“HOW was your day?” Addressed to your average teenager after a day at school, it is not a question likely to evoke much of a response. Addressed to a 13-year-old with autism, it might — as in the case of Joe — provoke intense frustration, and even meltdown. This most banal of questions, it seems, can challenge a whole way of thinking.
Between the Ears: How was your day, Joe? (Radio 3, Saturday, repeated from June last year) was devised and produced by Emma Kingsley, whose son, Joe, was the main protagonist. He is unlike the “neuro-typical” adolescent, not just because of the way he reads the world. He recognises the annoyance he feels, and what triggers it, and responds to his mother’s suggestion of making a programme about him with a cry of: “That would be absolutely perfect!”
With the help of the writers Michael Barton and Wendy Lawson, both of whom have something like the same condition, and Professor Simon Baron-Cohen of Cambridge University, the autistic mind was analysed through this one question. Barton recalls how, getting home from school, he would exchange a brief “hello” with his mother, then spend 45 minutes on video games. This was his ritual of decompression from a day full of complicated social interactions.
As Professor Baron-Cohen explains, even Joe’s return home will be full of small changes that need to be reconciled: the window is now open; the bins have been moved; there is a sweet wrapper on the floor. It is difficult for a child to deal with a question as massive as “How was your day?” when there is so much information to accommodate.
Nowadays, instead of “How was your day?”, his mother asks what Joe had for lunch. Thus begins a process of informational download that is both communicative and cathartic. What more could one hope for in a conversation with a teenager?

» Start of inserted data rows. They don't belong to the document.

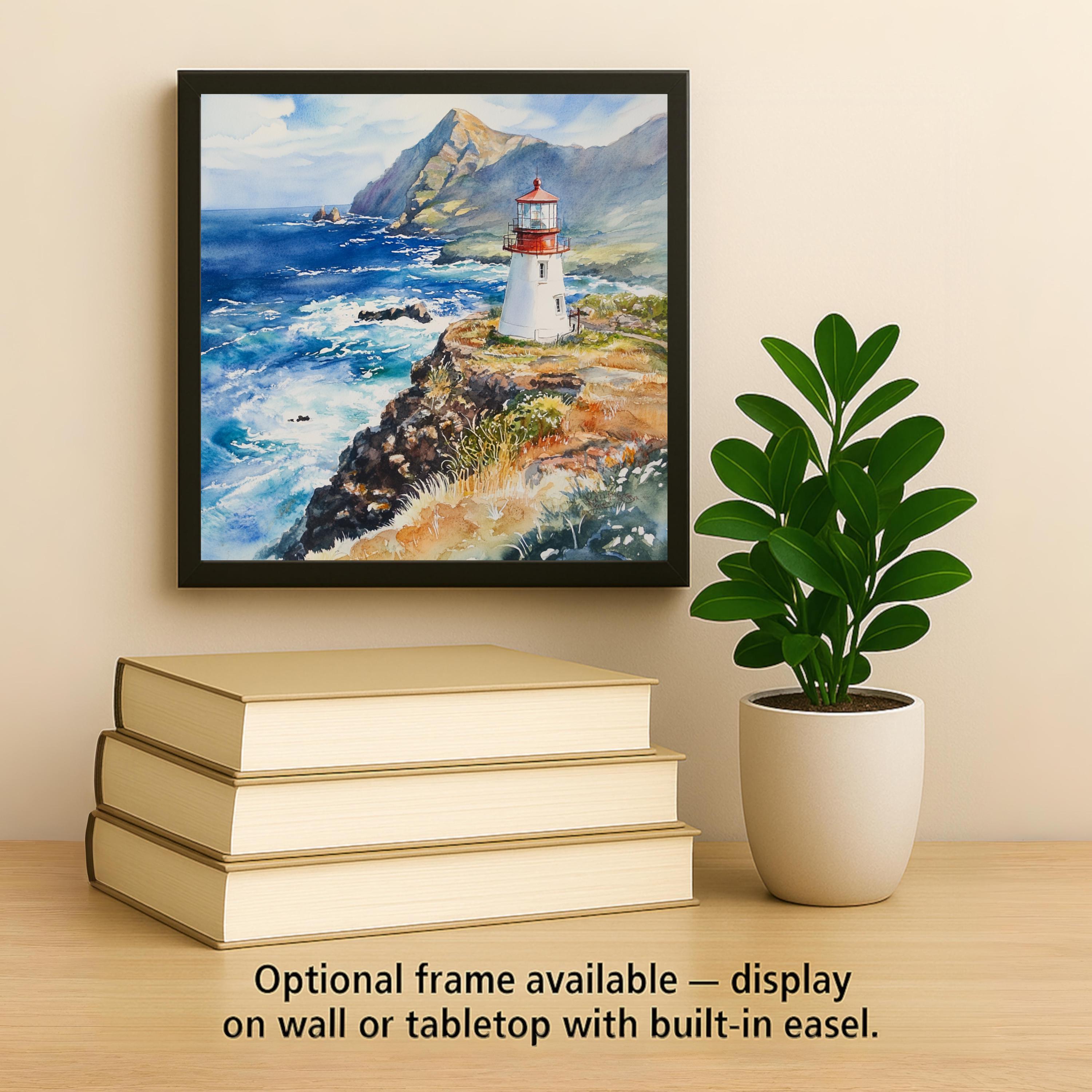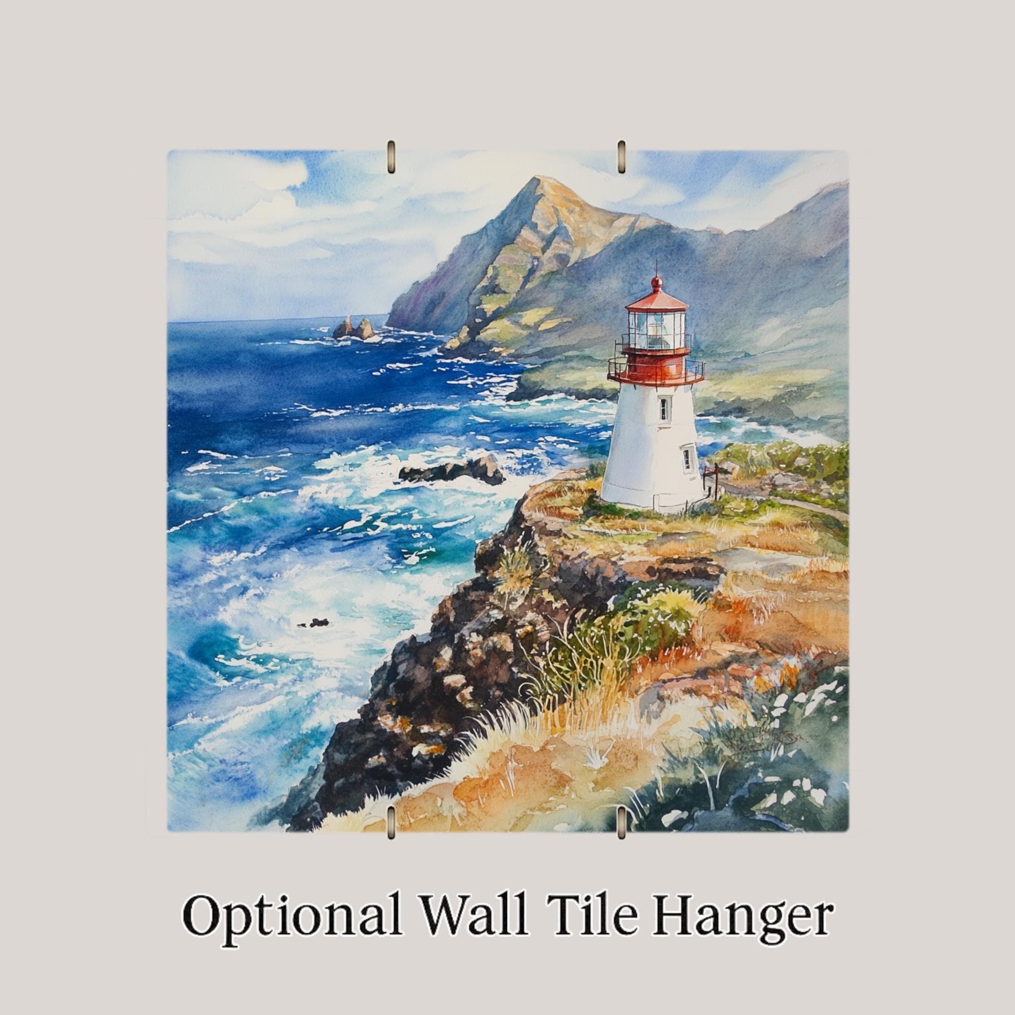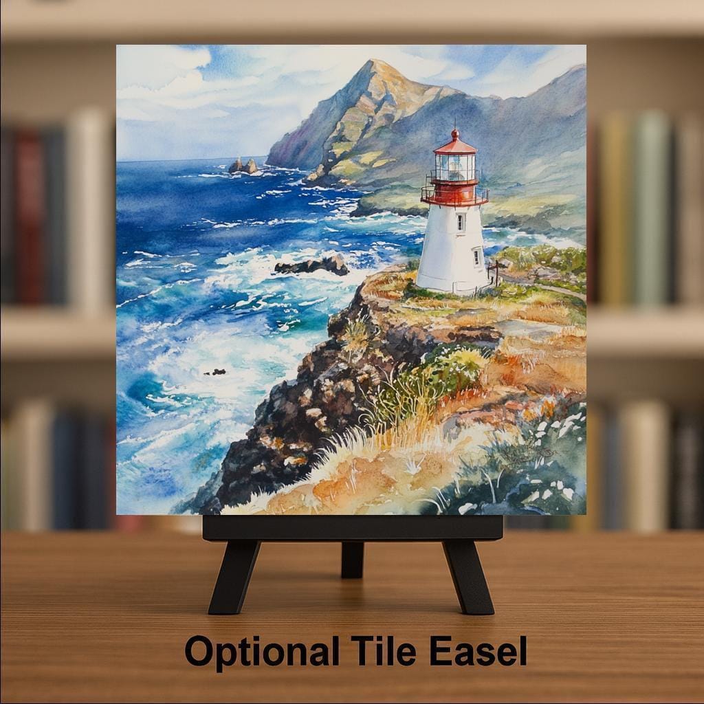 Optional display accessories include a tile wall hanger, easel tile stand, or cork backing, giving you flexible options for styling. Whether you live by the coast or love nautical decor, this Makapu’u lighthouse tile is a calming and colorful way to bring the islands home.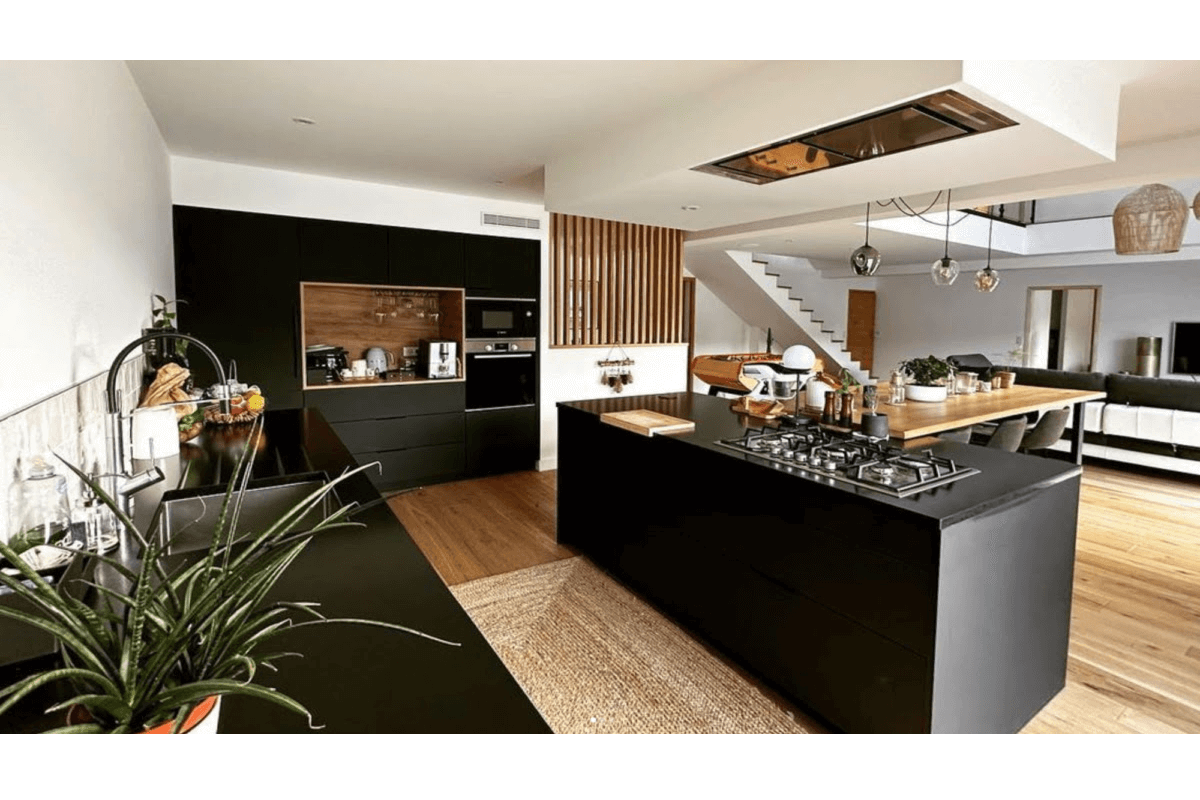 Las cocinas negras son elegantes, sofisticadas y gracias a sus acabados mates se integran muy bien en espacios abiertos de cocinas abiertas al salón comedor. Sin miedo alguno a integrar la cocina en el resto de la estancia, este magnífico proyecto de CUISINE DECÓ con modelo M190 Fenix de MÉTODO en negro, combina elementos abiertos decorativos en madera que son un perfecto ejemplo de cómo el interiorismo actual gira en torno a la cocina.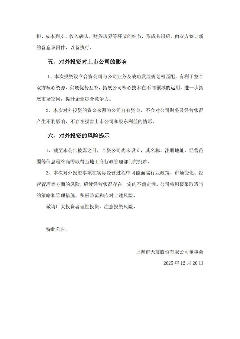 12月20日,天宸股份发布关于全资孙公司对外投资设立合资公司的公告。

The phrase “a mind-bending displacement of perspective” might well have emanated from this Between the Ears feature, but in fact came from the lips of a Hollywood producer, Lynda Obst, in describing the process of putting a film project together. Every day, it seems to come together — the right actors, the right script, the right time — and, every day, it collapses.
What she was describing, to the presenter of The Business of Film with Mark Kermode (Radio 4, Wednesday of last week), is known as “development hell”: that period, sometimes lasting more than a decade, when a film languishes, under discussion, but unmade.
Like everything in the film industry, development is expensive. Tim Burton and Nicolas Cage were reputedly paid $10 million each just to keep their schedules free for a Superman film that was never made. But it can also be creative. During the 13-year period that Under the Skin, the bizarre hit of 2014, was in development, the emphasis of the film shifted entirely from a standard Brad Pitt movie to one with Scarlett Johansson as an alien with a fetish for wearing human flesh.
Of course, for some, a lifetime in development hell might have been better than the film’s 108 minutes of pretentious titillation.